How to complete this task =>
Where the line containing "Yngve skrev:En bra" appears, begin retyping; continue exactly through the final line of the data. Omit every picture.

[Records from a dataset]
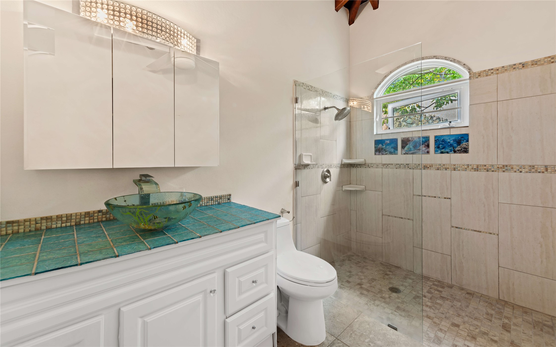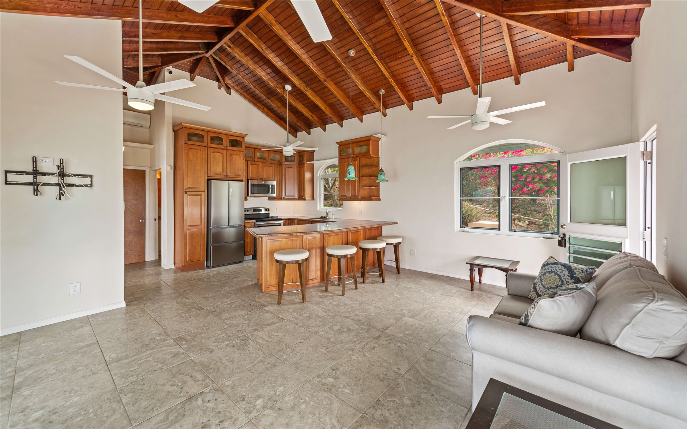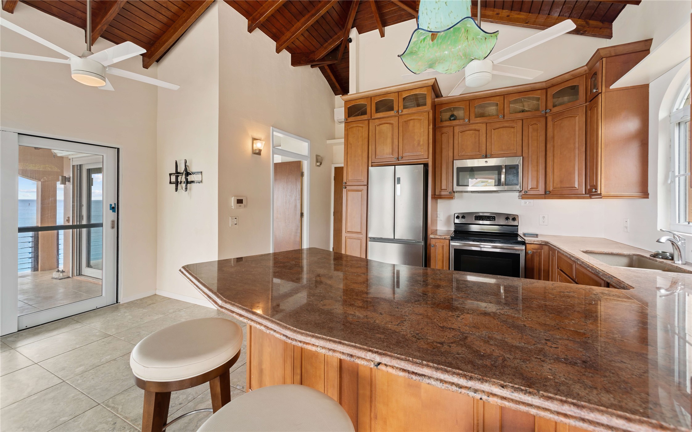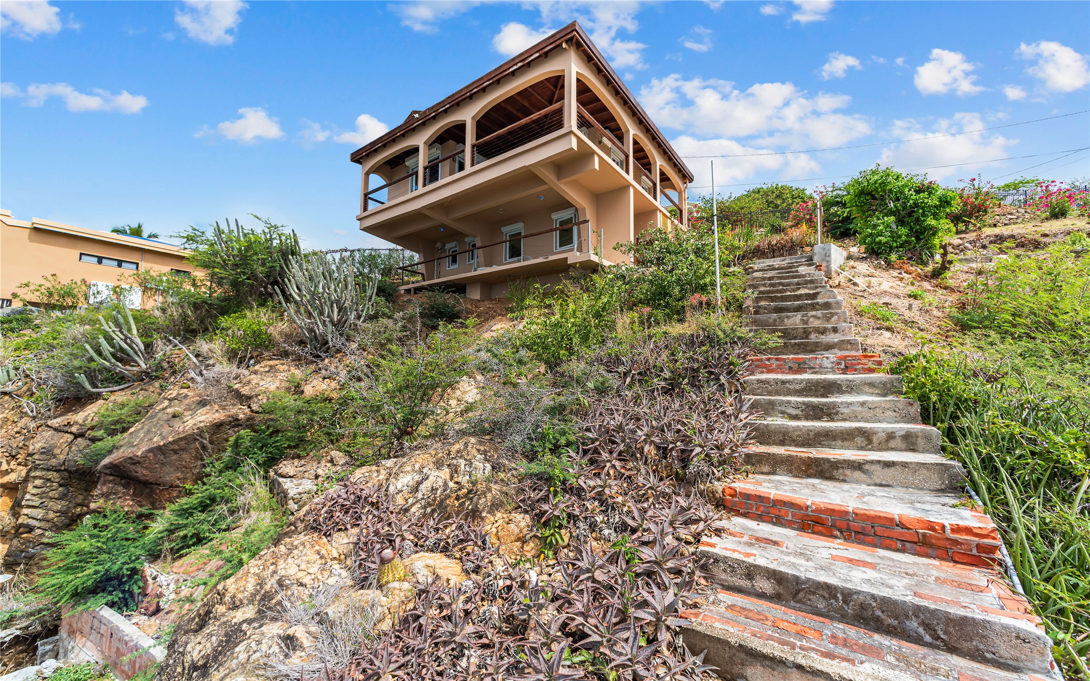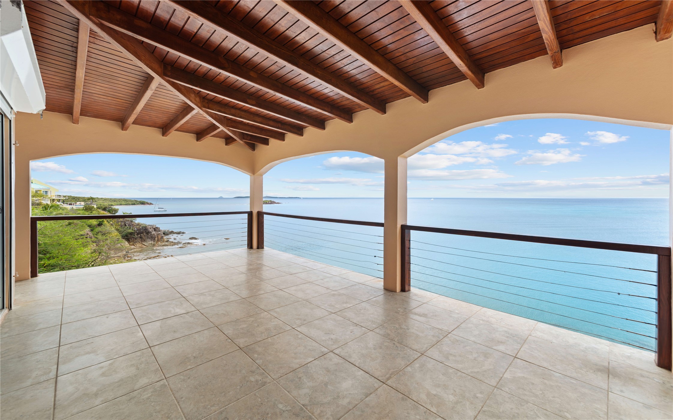 Absolutely STUNNING! This is truly a one of a kind waterfront property on St Thomas, US Virgin Islands! Imagine... a charming cottage...on a gated parcel... room to expand...with your pool literally built out into the ocean! There's just no better place than floating in your pool at sea level! The cottage is solid masonry construction featuring a beautiful kitchen, open concept living surrounded by sliding doors opening to expansive ocean view decks. Vaulted tongue and groove ceilings throughout. Full one bedroom/one bath on the main level. The lower level offers second bedroom space with a full bath. Original plan was to live in the cottage while building your dream villa on the remainder of the generous parcel. It's beautifully imagined as is too. The pool... what's not to love! The best of island living.
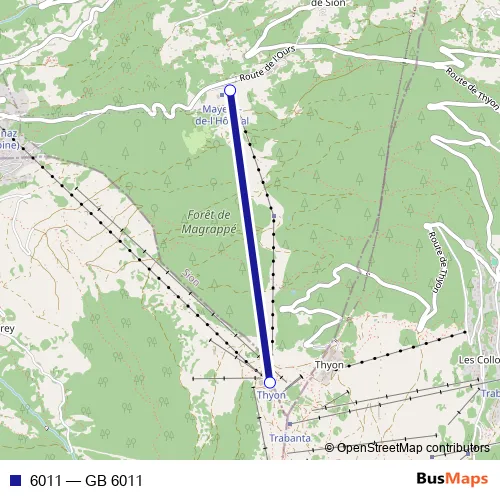 The first stop of the 6011 cable-car route is Mayens-de-l'Hôpital and the last stop is Thyon. 6011 (GB 6011) is operational during täglich.
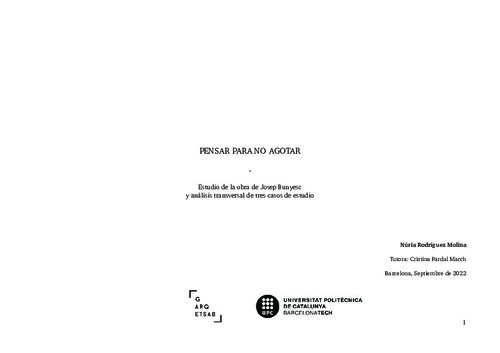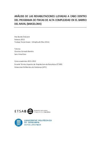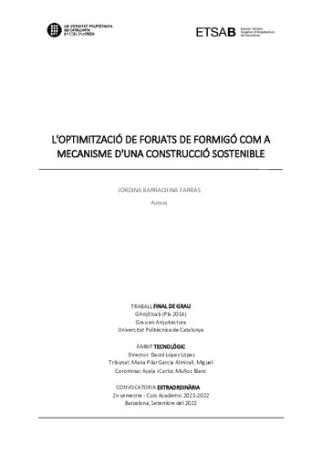 Execució i validació d'una llosa optimitzada topològicament per un algoritme Tipologías estructurales de cubiertas ligeras para cubrir grandes luces: pilares en el aire: la viga Fink La darrera estança: quatre reflexions al voltant de la peça del balcó L'optimització de forjats de formigó com a mecanisme d'una construcció sostenible Análisis de las rehabilitaciones llevadas a cabo dentro del programa de Fincas de Alta Complejidad en el barrio del Raval, Barcelona Un pati sense gènere: interseccionalitat entre arquitectura, educació i feminisme El límit en arquitectura: un estudi de les cases d'Alberto Campo Baeza De dentro hacia afuera: radiografía de un frente fluvial: Nueva York Comparació de la sostenibilitat en habitatges dels sistemes industrialitzats lleugers de fusta i acer amb els sistemes constructius convencionals: tres casos reals des de l’experiència del projecte i l’obra Privacitat a la via pública: estudi arquitectònic de l'oferta i gestió de banys públics existent al barri del Raval Disseccionant Construir con la naturaleza: el agua como infraestructura del paisaje urbano de Fez Intendente, Lisboa: reforma urbana y transformación socioeconómica Charlotte Perriand de Paris a Tokio 1955: reconstrucció de l'exposició Comprovació acústica al Teatre Metropol de Tarragona El viatge del bisbe Abraham de Suzdal i la representació de l’escenografia medieval religiosa Estrategias activas sobre el ciclo del agua en el proyecto de nuevos espacios libres en la metrópolis contemporánea Les àrees de vianants de Barcelona: una anàlisi de les característiques de la xarxa Estudi de la sala de calderes de Fabra i Coats: captura massiva de dades i aproximació metodològica per al modelat HBIM mitjançant l'estructura IFC Entre espais: estudi dels espais intermedis en projectes d'habitatge col·lectiu La no-ruina futura: el carácter infraestructural de la arquitectura Subversión del arquetipo: estudio sintáctico de la obra de Valerio Olgiati y Peter Märkli Atmósferas en el tiempo El desarrollo de la arquitectura del sol en Mallorca Copy & Paste: replicar, re-usar y re-apropiar Dehors en Milán: 70 miradas a la ciudad deshabitada Evaluación de los espacios urbanos en el contexto de los conciertos callejeros en el Barrio Gótico de Barcelona Arquitectura no construida: representar la ciudad percibida, concebida y vivida From analog to digital: study of Frei Otto's experimental models Berlín, l'apropiació com a mecanisme identitari Pensar para no agotar: estudio de la evolución de la obra de Josep Bunyesc y análisis transversal de tres casos de estudio Estudi comparatiu sobre la sostenibilitat de les estructures de fusta contralaminada A través del porche: comparativa de siete obras a escala Quatre fragments, una ciutat: una lectura històrica de Cagliari La plaza como imaginación colectiva: lecciones de Trinitate Plaza de Luis Peña Ganchegui y Piazza Sebastiano Satta de Costantino Nivola Investigació i participació en el procés de recuperar un equipament patrimonial: el Taller Masriera Hassan Fathy: arquitectura de la dignidad La càpsula Kurokawa: l'arquitectura càpsula com a resposta davant la crisi habitacional al Japó Estudio del patrimonio arquitectónico industrial vinculado al sector conservero en Vigo Bibliotecas en el patrimonio industrial de Barcelona: la transformación de enclaves urbanos
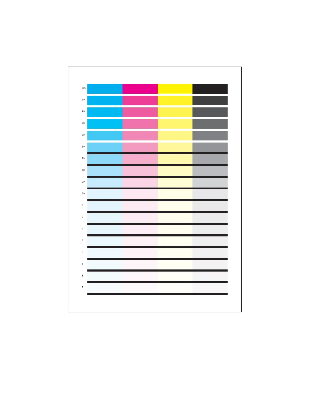 100% cyan, magenta, yellow, and black.
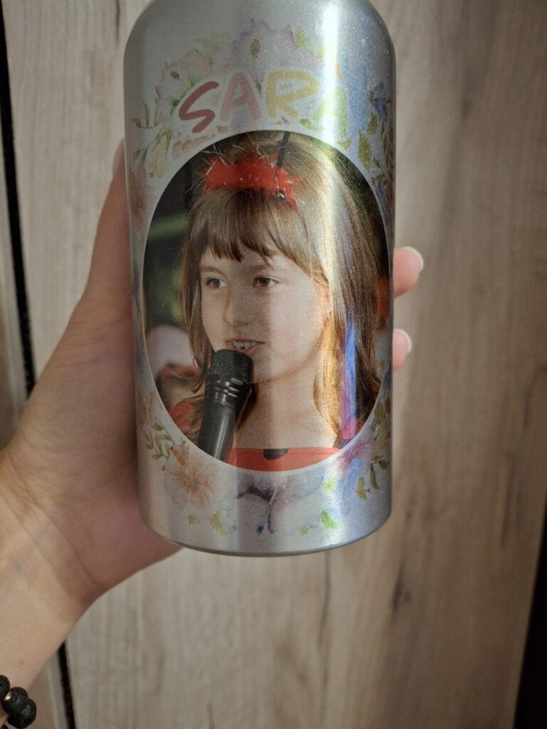 Bidonul personalizat o va face să zâmbească de fiecare dată când îl va folosi, fiind un simbol al dragostei și atenției tale.
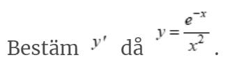 Yngve skrev:En bra metod att kontrollera deriveringen är att skriva om till y = e-x•x-2 och derivera med produktregeln.
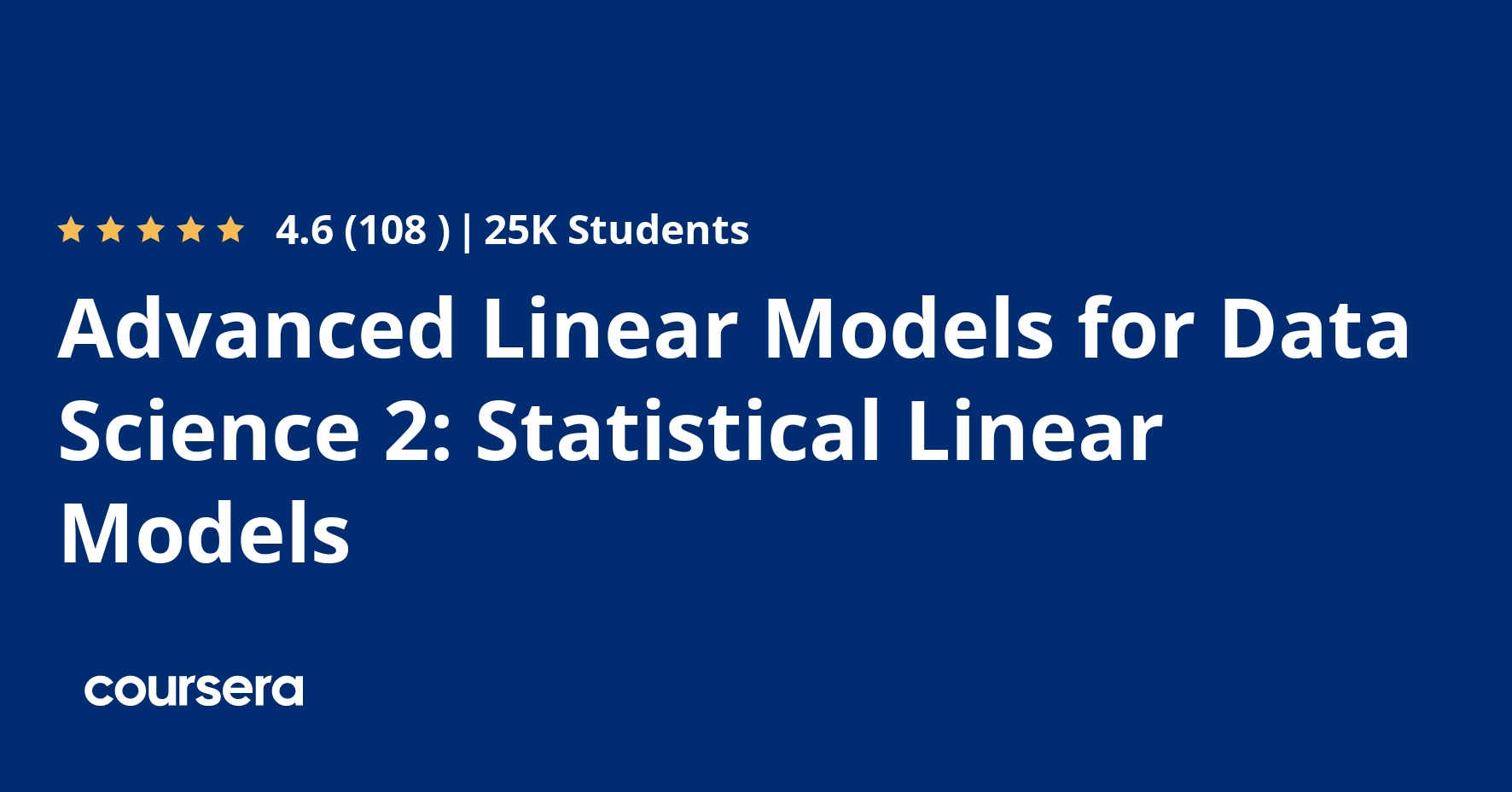 Offered by Johns Hopkins University. Welcome to the Advanced Linear Models for Data Science Class 2: Statistical Linear ...

Exercise answer =>
 Yngve skrev:En bra metod att kontrollera deriveringen är att skriva om till y = e-x•x-2 och derivera med produktregeln.
 Offered by Johns Hopkins University. Welcome to the Advanced Linear Models for Data Science Class 2: Statistical Linear ...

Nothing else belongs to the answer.